Question

General form of a parabola
vertex- (4,1)
x-intercepts (3,0) and (5,0)

Answer 1

ok... do you know the vertex form for the equation for a parabola???

Answer 2

y=a(x-h)^2+k

Answer 3

ok... good so we have:
\(\large y=a(x-4)^2+1 \)

since we know the parabola passes through the given points, plug those values in so we can find "a"....

Answer 4

All I know is that the vertex is (h,k) so y=a(x-4)^2+1
I just don't know how to find a

Answer 5

i'm a mind reader!!!

Answer 6

Lol

Answer 7

ok... let's plug in (3,0):
\(\large 0=a(3-4)^2+1 \)

solve for a....
wat u got???

Answer 8

0=0?

Answer 9

not quite... try again...

Answer 10

\(\large 0=a(3-4)^2+1 \)
\(\large 0=a(-1)^2+1 \)
\(\large 0=a\cdot 1+1 \)
\(\large 0=a+1 \)

a = ???

Answer 11

Omg, I'm retarded lol
-1=a

Answer 12

ok... just to make sure, let's see if we get the same value for a if we plugged in the other point (5, 0)...

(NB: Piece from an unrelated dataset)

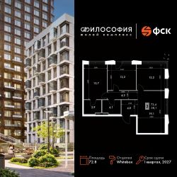 Продаётся 3-к квартира номер 430 общей площадью 72.8 кв.м. на 9-м этаже 10 этажного здания. Отделка Whitebox. Цена с учётом скидки.

do we get the same value???

Answer 13

yep :)

Answer 14

good, so the VERTEX form is: \(\large y=-(x-4)^2+1 \)
you want GENERAL form so what we need to do is expand the right side and move the y over to the right side.....

Answer 15

So the equation would be y=-1(x-4)^2+1

Answer 16

mind reader!!!

Answer 17

Lol, it's perfect because your owl looks shocked

Answer 18

haha...:) ok... expand that right side....

Answer 19

0=-y-(x-4)^2+1

Answer 20

ok.. general form looks like this: \(\large 0=Ax^2+Bx+Cy+D \)
so you need to expand (x-4)^2

Answer 21

(x-4)^2=x^2-8x+16

Answer 22

ok... so we still have:
\(\large 0= -y-(x^2-8x+16)+1\)
so arranging and simplifying them we have:
\(\large 0= -y-x^2+8x-16+1\)
\(\large 0= -x^2+8x-y-15\)

OR

\(\large x^2-8x+y+15=0\)

Answer 23

So that's the answer?
x^2-8x+y+15=0

Answer 24

either answer will work... they're both in general form....

Answer 25

yes... :)

Answer 26

Thank you so much!

Answer 27

yw....:)